Staff Engineer Tip: Admission vs. Eviction. Most engineers focus only on Eviction (who to kick out). But Admission (who to let in) is often more powerful. TinyLFU’s main strength is its “Admission Filter”. When the cache is full and a new item arrives, TinyLFU compares the frequency of the new item against the victim. If the new item is a “one-hit wonder”, it is rejected immediately, saving the hot data from being evicted.

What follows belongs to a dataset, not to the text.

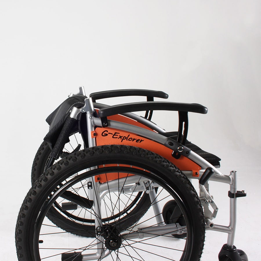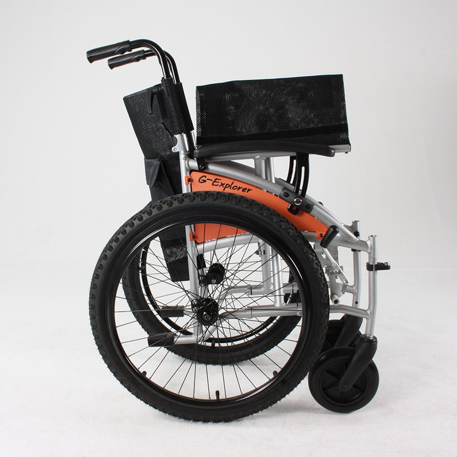 Never be afraid to explore outdoor with the Excel G-Explorer. With its 24 inch mountain bike tyres for all terrain, this wheelchair is designed for any adventure. This wheelchair has been designed to easily fold and disassemble for transportation. With its ability to fit into almost any car boot, long drives are no hassle. The backrest angle has also been adjusted to give the user a more natural seating position; providing perfect precision lumbar support. To make attendant experience more comfortable, we have added height adjustable push handles so every adventure is just as enjoyable for both user and attendant.
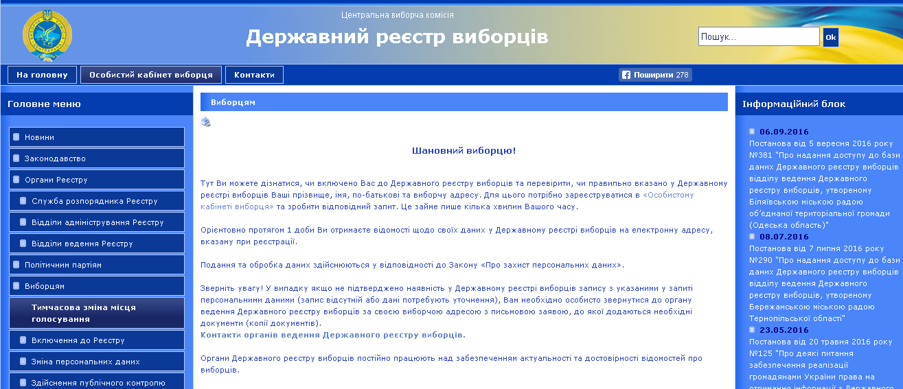 На офіційному веб-сайті «Державний реєстр виборців» функціонує програмний ресурс «Особистий кабінет виборця», в якому громадяни мають змогу перевірити інформацію про своє включення (невключення) до Державного реєстру виборців. У 2018 році надійшло 5 звернень від виборців щодо змісту своїх персональних даних, які містяться у Реєстрі. Протягом доби на вказану виборцем електрону адресу надійшли відповіді щодо змісту персональних даних у Державному реєстрі виборців.

[!TIP] Try it yourself: Run the “Database Scan” and compare how LRU (Red) gets wiped out while TinyLFU (Green) protects the hot items.

Scan Resistance: LRU vs TinyLFU

LRU Cache
Vulnerable to Scans
TinyLFU Cache
Protects Hot Items
Frequent Items: [A, B, C]

B. ARC (Adaptive Replacement Cache) - The Gold Standard

ARC is one of the most intelligent caching algorithms ever invented (used by ZFS, PostgreSQL). It beats LRU by maintaining Four Lists to balance Recency vs Frequency.

It dynamically tunes the cache size between “Recent” items and “Frequent” items based on workload.

C. The Clock Algorithm (Second Chance)

Common in Operating System Page Replacement (Linux Page Cache). It approximates LRU with very low overhead.

  • Structure: Pages are arranged in a Circle (Clock).
  • Reference Bit (R): Every page has a bit (0 or 1).
  • Clock Hand: A pointer moves around the circle.

Algorithm:

  1. On Page Fault: Look at the page pointed by the Hand.
  2. If R=1: Give it a “Second Chance”. Set R=0. Move Hand to next page.
  3. If R=0: Evict this page. Replace with new page. Move Hand.

[!TIP] Try it yourself: Add a page (e.g. “A”) to give it a second chance (R=1). Add a new page (“E”) to force an eviction.

Pointer at index 0

5. Eviction Policy Decision Matrix

Choosing the right policy depends on your access pattern.

Access Pattern Best Policy Why
Temporal Locality (Recently used → used again) LRU News feed, user sessions, recent posts
Frequency-Based (Popular items stay popular) LFU / TinyLFU Top 100 songs, trending videos, product catalog
Scanning Workloads (Full table scans) ARC / Clock-Pro Database buffer pools, large reports
Mixed Workload W-TinyLFU CDN edge caches (mix of hot + one-hit-wonders)
Small Cache (< 1000 items) LRU Simple, O(1), minimal overhead
Large Cache (> 1M items) TinyLFU Memory efficient, still O(1)

[!TIP] Summary: Use LRU for general cases. Use TinyLFU or ARC if you have high-throughput and “scan” workloads (e.g., Database Cache).